IP has been in heavy use for decades. It has worked extremely well, as demonstrated by the exponential growth of the Internet. Unfortunately, IP is rapidly becoming a victim of its own popularity: it is running out of addresses. This looming disaster has sparked a great deal of discussion and controversy within the Internet community about what to do about it. In this section we will describe both the problem and several proposed solutions.

Back in 1987, a few visionaries predicted that some day the Internet might grow to 100,000 networks. Most experts pooh-poohed this as being decades in the future, if ever. The 100,000th network was connected in 1996. The problem, as mentioned above, is that the Internet is rapidly running out of IP addresses. In principle, over 2 billion addresses exist, but the practice of organizing the address space by classes (see Fig. 5-55) wastes millions of them. In particular, the real villain is the class B network. For most organizations, a class A network, with 16 million addresses is too big, and a class C network, with 256 addresses is too small. A class B network, with 65,536, is just right. In Internet folklore, this situation is known as the three bears problem (as in Goldilocks and the Three Bears).

In reality, a class B address is far too large for most organizations. Studies have shown that more than half of all class B networks have fewer than 50 hosts. A class C network would have done the job, but no doubt every organization that asked for a class B address thought that one day it would outgrow the 8-bit host field. In retrospect, it might have been better to have had class C networks use 10 bits instead of eight for the host number, allowing 1022 hosts per network. Had this been the case, most organizations would have probably settled for a class C network, and there would have been half a million of them (versus only 16,384 class B networks).

It is hard to fault the Internet designers for not having provided more (and smaller) class B addresses. At the time the decision was made to create the three classes, the Internet was a research network connecting the major research universities in the U.S. (plus a very small number of companies and military sites doing networking research). No one then perceived the Internet as becoming a mass market communication system rivaling the telephone network. At the time, someone no doubt said: ''The U.S. has about 2000 colleges and universities. Even if all of them connect to the Internet and many universities in other countries join, too, we are never going to hit 16,000 since there are not that many universities in the whole world. Furthermore, having the host number be an integral number of bytes speeds up packet processing.''

However, if the split had allocated 20 bits to the class B network number, another problem would have emerged: the routing table explosion. From the point of view of the routers, the IP address space is a two-level hierarchy, with network numbers and host numbers. Routers do not have to know about all the hosts, but they do have to know about all the networks. If half a million class C networks were in use, every router in the entire Internet would need a table with half a million entries, one per network, telling which line to use to get to that network, as well as providing other information.

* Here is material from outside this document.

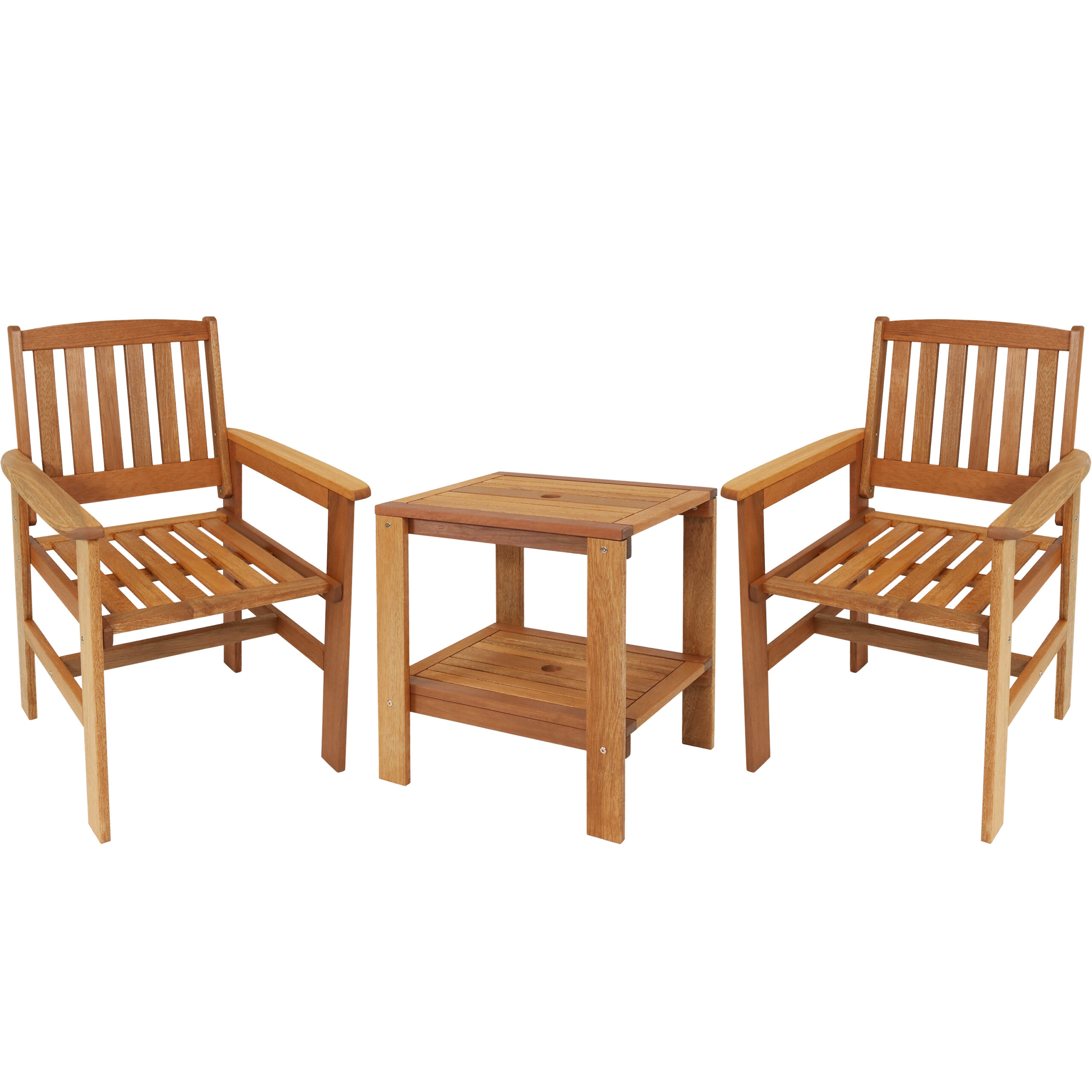 Sunnydaze Meranti Wood 3-Piece Outdoor Patio Conversation Set – Teak Oil Finish

The actual physical storage of half a million entry tables is probably doable, although expensive for critical routers that keep the tables in static RAM on I/O boards. A more serious problem is that the complexity of various algorithms relating to management of the tables grows faster than linear. Worse yet, much of the existing router software and firmware was designed at a time when the Internet had 1000 connected networks and 10,000 networks seemed decades away. Design choices made then often are far from optimal now.

In addition, various routing algorithms require each router to transmit its tables periodically (e.g., distance vector protocols). The larger the tables, the more likely it is that some parts will get lost underway, leading to incomplete data at the other end and possibly routing instabilities.

The routing table problem could have been solved by going to a deeper hierarchy. For example, having each IP address contain a country, state/province, city, network, and host field might work. Then each router would only need to know how to get to each country, the states or provinces in its own country, the cities in its state or province, and the networks in its city. Unfortunately, this solution would require considerably more than 32 bits for IP addresses and would use addresses inefficiently (Liechtenstein would have as many bits as the United States).

In short, some solutions solve one problem but create a new one. The solution that was implemented and that gave the Internet a bit of extra breathing room is CIDR (Classless InterDomain Routing). The basic idea behind CIDR, which is described in RFC 1519, is to allocate the remaining IP addresses in variable-sized blocks, without regard to the classes. If a site needs, say, 2000 addresses, it is given a block of 2048 addresses on a 2048-byte boundary.

Dropping the classes makes forwarding more complicated. In the old classful system, forwarding worked like this. When a packet arrived at a router, a copy of the IP address was shifted right 28 bits to yield a 4-bit class number. A 16-way branch then sorted packets into A, B, C, and D (if supported), with eight of the cases for class A, four of the cases for class B, two of the cases for class C, and one each for D and E. The code for each class then masked off the 8-, 16-, or 24-bit network number and right aligned it in a 32-bit word. The network number was then looked up in the A, B, or C table, usually by indexing for A and B networks and hashing for C networks. Once the entry was found, the outgoing line could be looked up and the packet forwarded.

With CIDR, this simple algorithm no longer works. Instead, each routing table entry is extended by giving it a 32-bit mask. Thus, there is now a single routing table for all networks consisting of an array of (IP address, subnet mask, outgoing line) triples. When a packet comes in, its destination IP address is first extracted. Then (conceptually) the routing table is scanned entry by entry, masking the destination address and comparing it to the table entry looking for a match. It is possible that multiple entries (with different subnet mask lengths) match, in which case the longest mask is used. Thus, if there is a match for a /20 mask and a /24 mask, the /24 entry is used.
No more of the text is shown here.